I have a code, which calculates the nearest voxel (which is unassigned) to a voxel ( which is assigned). That is i have an array of voxels, few voxels already have a scalar (1,2,3,4....etc) values assigned, and few voxels are empty (lets say a value of '0'). This code below finds the nearest assigned voxel to an unassigned voxel and assigns that voxel the same scalar. So, a voxel with a scalar '0' will be assigned a value (1 or 2 or 3,...) based on the nearest voxel. This code below works, but it takes too much time. Is there an alternative to this ? or if you have any feedback on how to improve it further?
""" #self.voxels is a 3D numpy array"""
def fill_empty_voxel1(self,argx, argy, argz):
""" where # argx, argy, argz are the voxel location where the voxel is zero"""
argx1, argy1, argz1 = np.where(self.voxels!=0) # find the non zero voxels
a = np.column_stack((argx1, argy1, argz1))
b = np.column_stack((argx, argy, argz))
tree = cKDTree(a, leafsize=a.shape[0]+1)
distances, ndx = tree.query(b, k=1, distance_upper_bound= self.mean) # self.mean is a mean radius search value
argx2, argy2, argz2 = a[ndx][:][:,0],a[ndx][:][:,1],a[ndx][:][:,2]

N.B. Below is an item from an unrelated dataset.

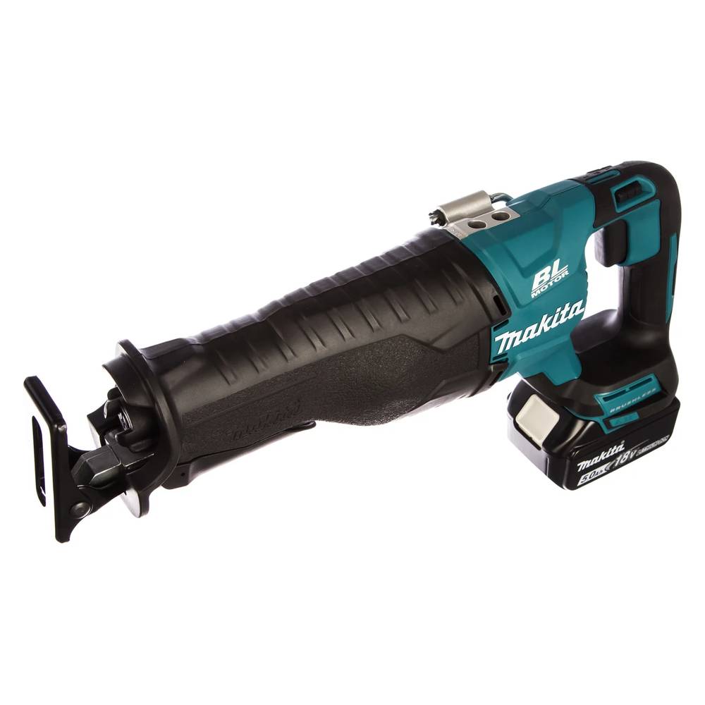 Пила сабельная аккумуляторная Makita DJR187RTE мощный и удобный в эксплуатации инструмент с электронной регулировкой скорости и светодиодной подсветкой. Поставляется с двумя литий-ионными аккумуляторными батареями, напряжением 18 В и емкостью 5 Ач. В комплектацию также входят: зарядное устройство и набор пильных полотен. Батареи типа спайдер с многократным креплением. Время заряда батареи 60 мин. Мотор бесщеточный. Рукоять с нескользящей поверхностью для крепкого удержания при интенсивных нагрузках и длительной работе. Инструмент имеет эргономичную конструкцию и отличается повышенной маневренностью. Бесключевая замена полотен с настройкой положения оснастки. Есть металлический крючок для транспортировки. Большая и удобная пусковая клавиша. Максимальное число оборотов холостого хода 3000 об/мин. Величина хода полотна 32 мм. Вес товара 3,4 кг.

self.voxels[argx,argy,argz] = self.voxels[argx2,argy2,argz2] # update the voxel array
Example
""" Here is a small example with small dataset:"""
import numpy as np
from scipy.spatial import cKDTree
import timeit
voxels = np.zeros((10,10,5), dtype=np.uint8)
voxels[1:2,:,:] = 5.
voxels[5:6,:,:] = 2.
voxels[:,3:4,:] = 1.
voxels[:,8:9,:] = 4.
argx, argy, argz = np.where(voxels==0)
tic=timeit.default_timer()
argx1, argy1, argz1 = np.where(voxels!=0) # non zero voxels
a = np.column_stack((argx1, argy1, argz1))
b = np.column_stack((argx, argy, argz))
tree = cKDTree(a, leafsize=a.shape[0]+1)
distances, ndx = tree.query(b, k=1, distance_upper_bound= 5.)
argx2, argy2, argz2 = a[ndx][:][:,0],a[ndx][:][:,1],a[ndx][:][:,2]
voxels[argx,argy,argz] = voxels[argx2,argy2,argz2]
toc=timeit.default_timer()
timetaken = toc - tic #elapsed time in seconds
print '\nTime to fill empty voxels', timetaken
for visualization:
from mayavi import mlab
data = voxels.astype('float')
scalar_field = mlab.pipeline.scalar_field(data)
iso_surf = mlab.pipeline.iso_surface(scalar_field)
surf = mlab.pipeline.surface(scalar_field)
vol = mlab.pipeline.volume(scalar_field,vmin=0,vmax=data.max())
mlab.outline()
mlab.show()
Now, if I have the dimension of the voxels array as something like (500,500,500), then the time it takes to compute the nearest search is no longer efficient. How can I overcome this? Could parallel computation reduce the time (I have no idea whether I can parallelize the code, if you do, please let me know)?
A potential fix:
I could substantially improve the computation time by adding the n_jobs = -1 parameter in the cKDTree query.
distances, ndx = tree.query(b, k=1, distance_upper_bound= 5., n_jobs=-1)
I was able to compute the distances in less than a hour for an array of (400,100,100) on a 13 core CPU. I tried with 1 processor and it takes around 18 hours to complete the same array. Thanks to @gsamaras for the answer!